## TASK REQUIREMENTS
The exercise asks you to copy every line below in which "Porträt" appears.

## EXTRACTED INFORMATION
***
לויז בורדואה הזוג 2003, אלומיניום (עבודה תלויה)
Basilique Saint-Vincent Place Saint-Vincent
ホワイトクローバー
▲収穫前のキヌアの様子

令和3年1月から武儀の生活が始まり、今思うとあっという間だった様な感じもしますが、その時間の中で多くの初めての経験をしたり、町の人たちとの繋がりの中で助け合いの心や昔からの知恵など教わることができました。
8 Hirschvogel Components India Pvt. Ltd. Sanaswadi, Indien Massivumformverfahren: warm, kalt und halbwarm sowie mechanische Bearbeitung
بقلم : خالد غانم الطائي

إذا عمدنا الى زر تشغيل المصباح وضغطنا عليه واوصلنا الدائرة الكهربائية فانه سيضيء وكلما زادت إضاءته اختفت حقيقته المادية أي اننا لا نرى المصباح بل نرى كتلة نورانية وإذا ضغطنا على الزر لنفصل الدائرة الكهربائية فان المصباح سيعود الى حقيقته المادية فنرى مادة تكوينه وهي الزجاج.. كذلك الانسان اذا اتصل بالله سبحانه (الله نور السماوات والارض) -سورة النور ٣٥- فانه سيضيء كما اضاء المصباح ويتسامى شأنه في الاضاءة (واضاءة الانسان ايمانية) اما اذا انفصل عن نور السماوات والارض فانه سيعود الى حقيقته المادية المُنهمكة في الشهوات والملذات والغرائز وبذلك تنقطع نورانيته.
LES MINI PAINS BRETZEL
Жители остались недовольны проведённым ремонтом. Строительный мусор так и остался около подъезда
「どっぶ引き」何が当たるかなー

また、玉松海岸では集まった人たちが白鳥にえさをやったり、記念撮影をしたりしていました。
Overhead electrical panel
***
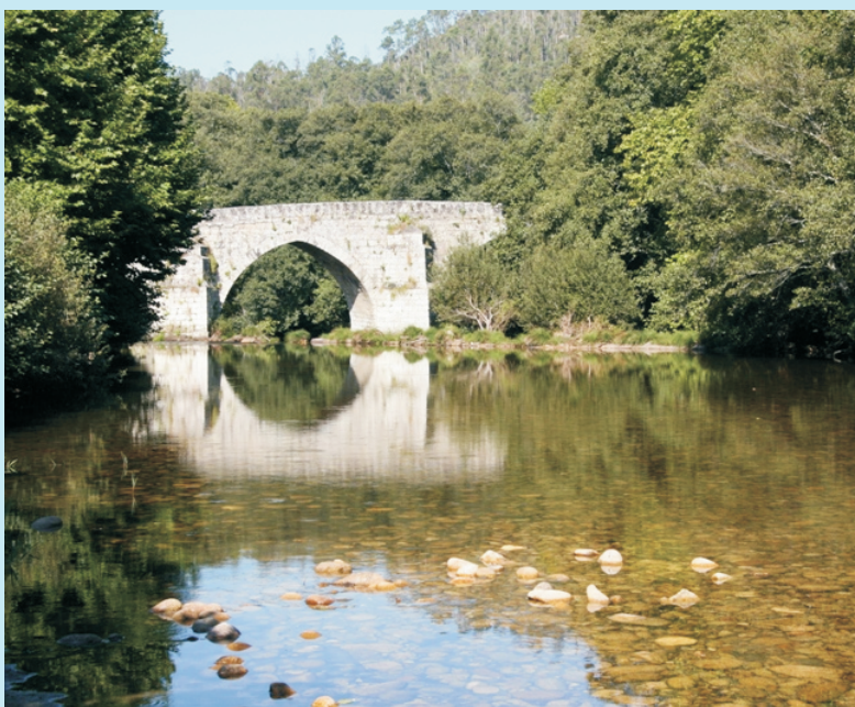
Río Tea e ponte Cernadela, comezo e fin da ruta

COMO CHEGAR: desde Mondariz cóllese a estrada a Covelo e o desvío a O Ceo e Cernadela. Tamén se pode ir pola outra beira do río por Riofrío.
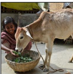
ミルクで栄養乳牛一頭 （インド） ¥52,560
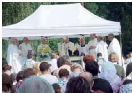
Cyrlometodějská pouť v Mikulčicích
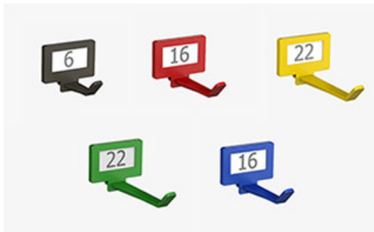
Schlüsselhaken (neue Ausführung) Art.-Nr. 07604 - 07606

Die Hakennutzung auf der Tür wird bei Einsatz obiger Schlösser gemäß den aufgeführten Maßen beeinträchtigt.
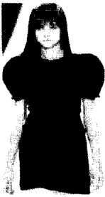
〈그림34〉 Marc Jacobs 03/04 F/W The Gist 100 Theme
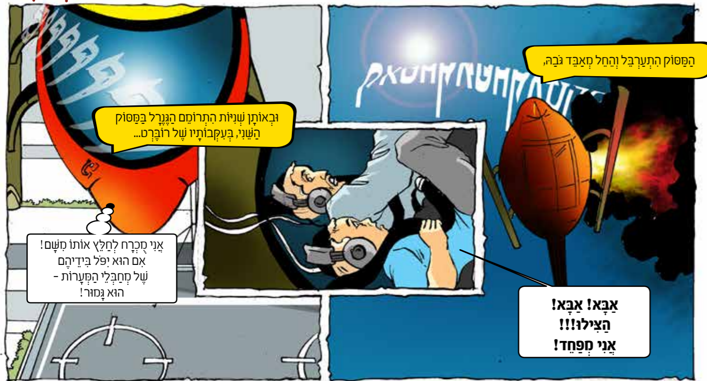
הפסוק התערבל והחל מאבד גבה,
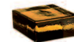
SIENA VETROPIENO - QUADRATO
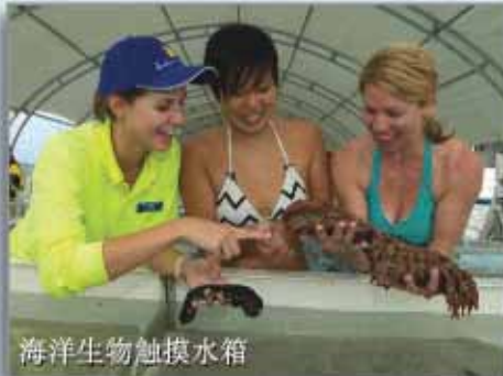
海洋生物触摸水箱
***
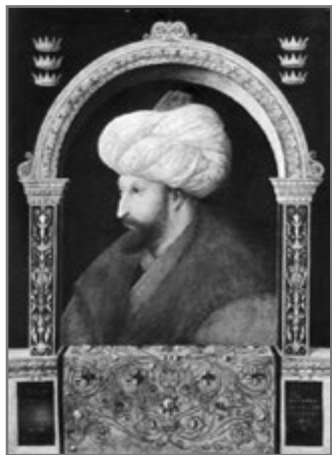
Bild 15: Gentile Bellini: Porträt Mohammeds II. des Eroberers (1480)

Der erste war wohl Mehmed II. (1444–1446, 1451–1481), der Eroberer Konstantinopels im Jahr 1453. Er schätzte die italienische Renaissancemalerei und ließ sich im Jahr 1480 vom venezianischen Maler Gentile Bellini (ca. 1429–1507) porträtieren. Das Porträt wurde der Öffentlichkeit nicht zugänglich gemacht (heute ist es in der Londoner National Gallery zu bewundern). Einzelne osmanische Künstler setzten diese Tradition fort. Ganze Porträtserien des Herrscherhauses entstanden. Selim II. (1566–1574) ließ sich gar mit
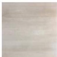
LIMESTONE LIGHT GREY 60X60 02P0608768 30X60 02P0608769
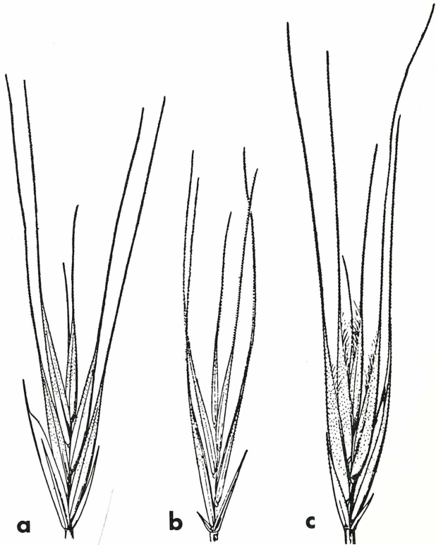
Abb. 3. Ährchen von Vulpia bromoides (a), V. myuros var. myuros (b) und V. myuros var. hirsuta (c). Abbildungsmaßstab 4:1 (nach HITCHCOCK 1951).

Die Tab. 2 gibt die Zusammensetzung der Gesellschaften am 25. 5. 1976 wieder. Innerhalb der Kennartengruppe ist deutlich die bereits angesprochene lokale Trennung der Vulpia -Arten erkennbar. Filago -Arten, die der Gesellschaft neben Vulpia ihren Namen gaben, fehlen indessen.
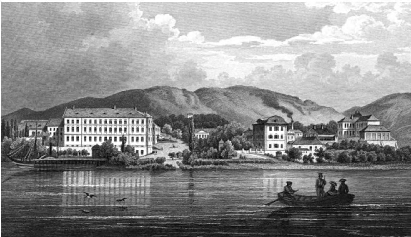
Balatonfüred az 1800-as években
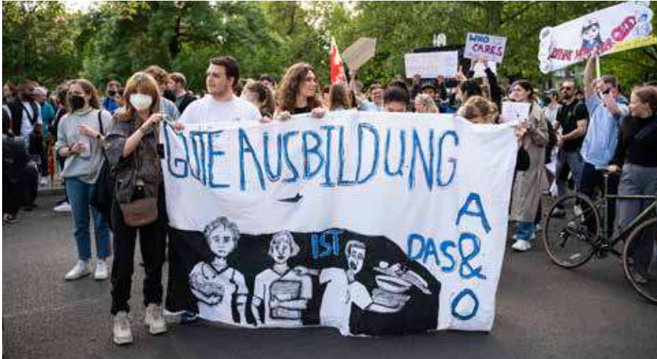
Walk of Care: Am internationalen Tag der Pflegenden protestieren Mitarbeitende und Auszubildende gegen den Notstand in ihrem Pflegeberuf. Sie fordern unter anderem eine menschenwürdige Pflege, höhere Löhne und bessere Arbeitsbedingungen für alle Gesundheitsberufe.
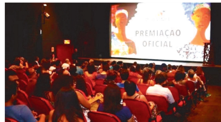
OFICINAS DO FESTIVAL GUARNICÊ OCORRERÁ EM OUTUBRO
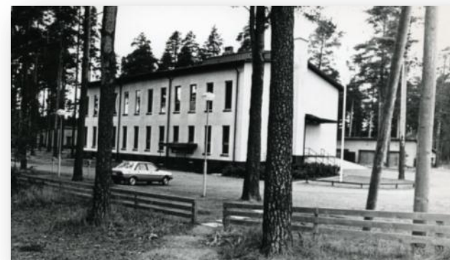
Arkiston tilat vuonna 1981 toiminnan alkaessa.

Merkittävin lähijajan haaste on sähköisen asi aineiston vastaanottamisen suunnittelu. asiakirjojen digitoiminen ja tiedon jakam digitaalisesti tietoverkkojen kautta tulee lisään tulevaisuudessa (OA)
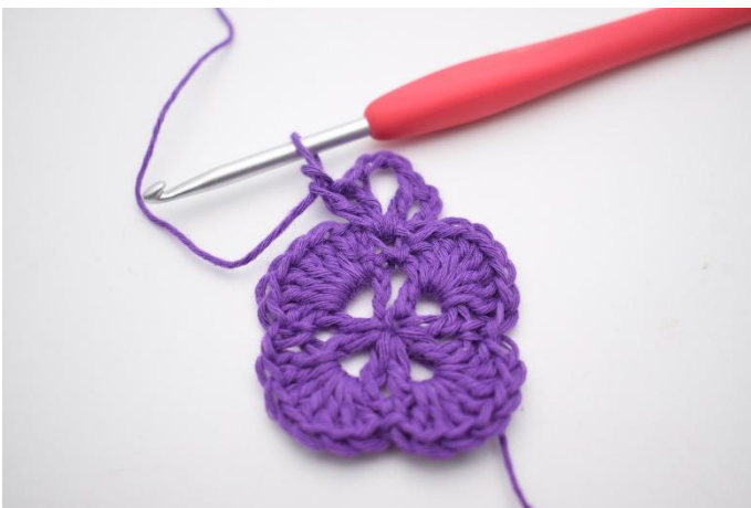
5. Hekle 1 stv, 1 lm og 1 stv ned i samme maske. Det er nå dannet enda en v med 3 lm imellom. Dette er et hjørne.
***
## FINISHED EXERCISE
Bild 15: Gentile Bellini: Porträt Mohammeds II. des Eroberers (1480)
Der erste war wohl Mehmed II. (1444–1446, 1451–1481), der Eroberer Konstantinopels im Jahr 1453. Er schätzte die italienische Renaissancemalerei und ließ sich im Jahr 1480 vom venezianischen Maler Gentile Bellini (ca. 1429–1507) porträtieren. Das Porträt wurde der Öffentlichkeit nicht zugänglich gemacht (heute ist es in der Londoner National Gallery zu bewundern). Einzelne osmanische Künstler setzten diese Tradition fort. Ganze Porträtserien des Herrscherhauses entstanden. Selim II. (1566–1574) ließ sich gar mit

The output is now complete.